A Look at 'Bits' of a Widow's Loss

Dr. Elisabeth Kubler-Ross and other students of grief might not approve, but Corinne Jacker's quirky "Bits and Pieces"--a 1974 dark comedy receiving its local premiere at Theatre 40--still has some valuable insights into death and loss.

Gita Donovan plays Iris, a middle-aged widow who is mourning her husband, a literature professor named Philip (Robert Boardman), by seeking out patients who may have received one of his donated organs. Trekking from Italy to India, Iris' bizarre quest triggers intense flashbacks of their courtship and marriage.

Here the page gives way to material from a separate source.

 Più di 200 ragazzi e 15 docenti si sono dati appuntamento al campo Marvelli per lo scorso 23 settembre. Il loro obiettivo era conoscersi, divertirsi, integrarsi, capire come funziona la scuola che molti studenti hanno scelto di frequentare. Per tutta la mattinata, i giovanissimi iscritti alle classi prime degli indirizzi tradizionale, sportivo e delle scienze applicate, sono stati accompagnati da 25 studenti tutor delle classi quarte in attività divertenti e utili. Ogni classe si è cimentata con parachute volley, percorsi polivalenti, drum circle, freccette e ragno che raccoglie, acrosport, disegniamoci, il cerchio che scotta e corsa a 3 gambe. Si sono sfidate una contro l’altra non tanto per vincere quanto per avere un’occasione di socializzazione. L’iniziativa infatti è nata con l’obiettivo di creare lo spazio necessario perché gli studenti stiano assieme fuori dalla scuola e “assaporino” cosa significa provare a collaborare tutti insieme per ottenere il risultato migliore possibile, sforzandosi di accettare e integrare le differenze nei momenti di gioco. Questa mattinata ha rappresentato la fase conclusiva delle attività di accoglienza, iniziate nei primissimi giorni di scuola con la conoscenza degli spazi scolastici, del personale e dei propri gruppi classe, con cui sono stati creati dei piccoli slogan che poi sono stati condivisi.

For Iris, learning the fate of Philip's far-flung bits becomes a way of getting a piece of him back. And for Jacker, delivering a series of scene fragments "back and forth in time" becomes a way of capturing the full sweep of an ambivalent and complicated relationship.

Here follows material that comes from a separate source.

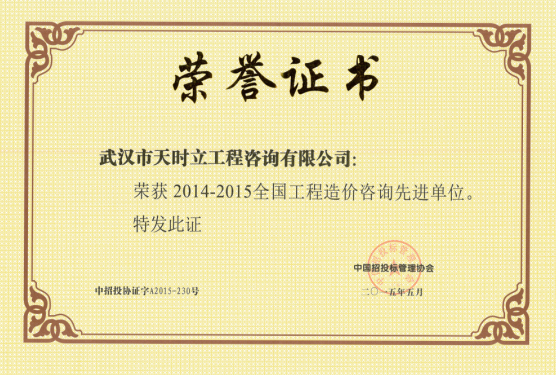 2015年5月,中國招投標(biāo)管理協(xié)會授予我公司“2014-2015全國工程造價咨詢先進(jìn)單位”。這充分體現(xiàn)了我公司在工程造價領(lǐng)域服務(wù)獲得的社會各界和行業(yè)的認(rèn)可和好評,也是對公司全體員工付出努力的肯定。在此,表示熱烈祝賀!

At times the play has the sort of calculated dizziness that perhaps found better expression in Scott McPherson's "Marvin's Room." George Milan plays an elderly doctor who has an offhanded way of expressing sudden sexual urges. Iris' journeys are punctuated with such relevant tunes as Sinatra's "I've Got You Under My Skin."

Director Robert Neches manages to tap into the poignant side of Jacker's unusual tale, which benefits enormously from Donovan's delicate performance as the emotionally wavering Iris.